Hi,
First of all, I love “dvc”! It is so useful for my project!
Thank you very much for providing it to me.
I have some questions about temporary files created by “dvc add --out” command. It would be appreciated if you help me.
I run the following command to add /outside/project/directory/data.
$ dvc add --out mydata /outside/project/directory/data
This command seems to upload files in /outside/project/directory/data to dvc cache directory like this. (here, /my/dvc_cache/ is my dvc cache directory)
/my/dvc_cache/files/md5/.XIt3dn31aCwR83UzvYTYiQ.tmp
/my/dvc_cache/files/md5/.mJmybe_ATBDMHb51Gt-51w.tmp
/my/dvc_cache/files/md5/.oRPlNy5uS-vKYXyAiXl6TQ.tmp
/my/dvc_cache/files/md5/.zbcU6YNlS4piRJMv-EmE4w.tmp
Here are my questions :
Is there any way to clean up these files automatically when “dvc add” is completed?
Or is there any way to clean up these files safely?

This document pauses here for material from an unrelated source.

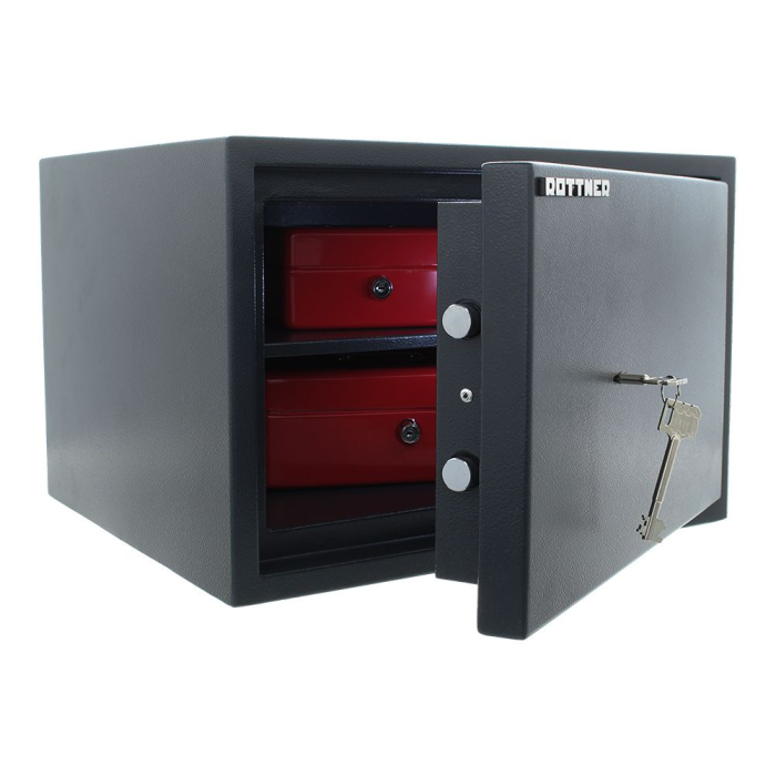 Antracitový dvojplášťový nábytkový trezor ponúka dostatok priestoru pre dôležité doklady, úradné dokumenty alebo cestovné doklady.

Can “dvc gc” command be used for this purpose?
Please let me know.
Thank you very much for your cooperation in advance.
Best Regards,
Kaz DEGUCHI
dvc is supposed to clean that up when the operation is completed. I see that it’s a bug in add --out
here:
from_path: "AnyFSPath",
fs: "FileSystem",
odb: "HashFileDB",
upload_odb: "ObjectDB",
callback: Optional[Callback] = None,
) -> tuple[Meta, HashFile]:
from dvc_objects.fs.utils import tmp_fname
from .hash import HashStreamFile
tmp_info = upload_odb.fs.join(upload_odb.path, tmp_fname())

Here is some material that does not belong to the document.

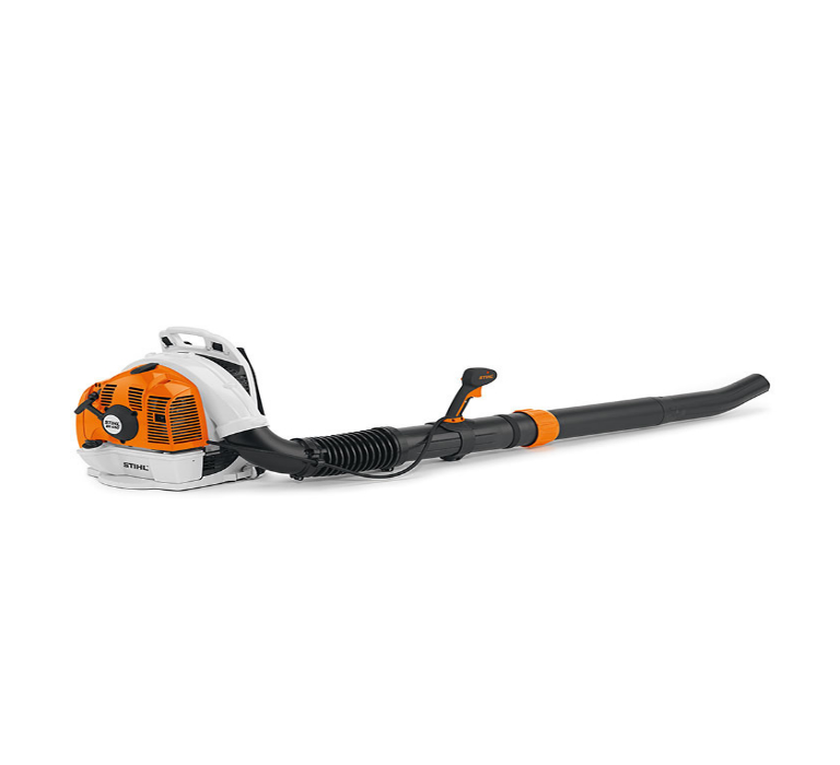 Soffiatore potente con tubo di soffiaggio orientabile in lunghezza. Perfetto per rimuovere foglie o erbacce da grandi superfici. Impugnatura morbida, sistema antivibrante, motore 2-MIX, leva gas bloccabile con tasto di arresto, ElastoStart, tracolla.

with fs.open(from_path, mode="rb") as stream:
hashed_stream = HashStreamFile(stream)
size = fs.size(from_path)
cb = callback or TqdmCallback(
desc=upload_odb.fs.name(from_path),
bytes=True,
size=size,
)
with cb:
fileobj = cast("BinaryIO", hashed_stream)
I’ll try to fix it soon. (I’d encourage you to open an issue in Create new issue - iterative/dvc though).

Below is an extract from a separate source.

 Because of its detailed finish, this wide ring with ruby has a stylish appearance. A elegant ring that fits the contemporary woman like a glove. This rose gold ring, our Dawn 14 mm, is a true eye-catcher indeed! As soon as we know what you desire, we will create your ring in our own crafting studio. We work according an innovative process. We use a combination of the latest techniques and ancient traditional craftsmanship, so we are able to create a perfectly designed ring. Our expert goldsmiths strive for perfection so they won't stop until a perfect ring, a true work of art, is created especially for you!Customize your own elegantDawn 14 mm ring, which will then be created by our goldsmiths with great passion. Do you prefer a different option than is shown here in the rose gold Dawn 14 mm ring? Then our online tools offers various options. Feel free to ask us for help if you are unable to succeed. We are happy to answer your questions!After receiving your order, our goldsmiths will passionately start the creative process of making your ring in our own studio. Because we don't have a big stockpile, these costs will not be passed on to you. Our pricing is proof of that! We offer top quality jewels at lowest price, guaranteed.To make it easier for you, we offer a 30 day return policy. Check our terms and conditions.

It’s safe to remove those files. Unfortunately, dvc gc
command does not clean those up.
I’ve just create an issue about this:
opened 08:12AM - 19 Jun 25 UTC
# Bug Report
add: doesn't clean up temporary files when --out is given
## De… scription
In the following command execution, "add" command uploads files in /outside/project/directory/data to dvc cache area.
```
$ dvc add --out mydata /outside/project/directory/data
```
"dvc add --out" should clean up these uploaded files when the oeration is completed, but it doesn't.
### Reproduce
1. Create some files in /outside/project/directory/data
2. dvc add --out mydata /outside/project/directory/data
3. Check your dvc cache directory.
### Expected
According to the forum disccussion, dvc add --out should clean them up when the oeration is completed, but it doesn't.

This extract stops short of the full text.